In one of the camp's wildest stories, it appeared that North Korea was also attempting to benefit from the lawlessness of Ein al-Hilweh. In February, the Lebanon Daily Star reported that a North Korean agent named Jim Su Kim was arrested and held by the Lebanese army for questioning. Was Kim trying to work with al Qaeda's Lebanese operatives? There was no follow-up in the Lebanese press, and no official statement from Beirut.
In recent weeks, however, the focus has shifted back to the camp. Two weeks ago, Abdullah Shreidi, the leader of an Asbat cell, was ambushed by Fatah gunmen as he drove home from a funeral. Shreidi was taken to a hospital and was stabilized. But Shreidi's compatriots feared another Fatah attack. In an unbelievable account, An-Nahar reports that the militants
". . . managed to switch electric power off in the camp at nightfall Sunday, and punched a big hole in the hospital's rear wall that allowed twelve of them to sneak into the operating theater. They held doctors and nurses at gunpoint in the corridor while others lifted their leader onto a stretcher and smuggled him out from the intensive care unit. . . . Appeals for O-positive urgent blood donations rang out from neighboring mosque minarets to help Shreidi."

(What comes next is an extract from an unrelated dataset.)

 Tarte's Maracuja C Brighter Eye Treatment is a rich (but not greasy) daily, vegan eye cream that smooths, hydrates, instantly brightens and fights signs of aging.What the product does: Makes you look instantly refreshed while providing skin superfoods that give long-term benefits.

The Lebanese government remained on the sidelines while tensions mounted. Soon, fresh battles erupted. Five hours of clashes on May 19 resulted in eight deaths and 25 wounded. During the fighting, machine guns, mortar rounds, rocket-propelled grenades, and even armor-piercing missiles were used. Finally, a cease-fire allowed for both sides to bury their dead. An uneasy calm remains today.

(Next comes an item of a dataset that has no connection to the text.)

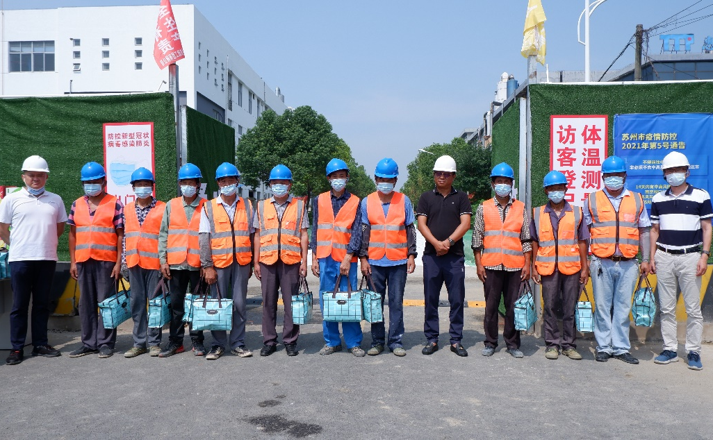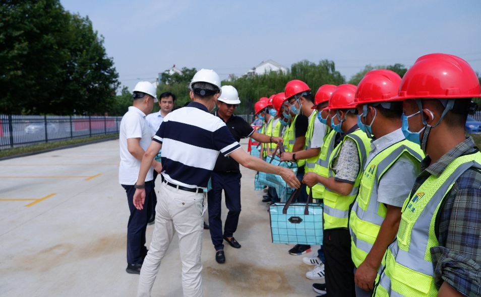 在科技载体项目现场,苏相开发公司为工人送去了各类防暑降温物品,对他们在高温下坚守岗位,克服困难,为项目建设作出贡献表示感谢,并叮嘱他们在作业时务必要落实相关保障措施,注意安全,以良好的精神状态投入到工程建设中。

As analysis emerged from Lebanon, some groups cited a "lack of official determination in the country to disarm Palestinians" a direct incrimination of Lebanon's lack of involvement in the camps. Even Lebanon's parliamentary speaker, Nabih Berri, stated that Lebanon "cannot remain idle."
But Lebanon continues to remain idle, burying its head further in the desert sand. While chaos continues inside Ein al-Hilweh, Lebanese troops linger on the camp's perimeter in what can only be seen as a ceremonial presence. More must be done.
For its part, the U.S. government can push Lebanon for more action. Until now, Washington's focus has been on the Iranian-funded Hezbollah, even though Asbat al-Ansar is Lebanon's arm of al Qaeda the primary target in the U.S. campaign to stamp out global terror.
In the end, Asbat al-Ansar may be one of the few instances of "low-hanging fruit" in the war on terror. Unlike other al Qaeda operatives, who hide in the shadows, we know who these people are and where they live. Asbat al-Ansar is, therefore, easier to destroy.
Lebanon, however, allows this group to grow by ignoring it. If this continues, Asbat al-Ansar may come to pose a greater threat. Indeed, it could become a launch pad for other al Qaeda attacks in the future.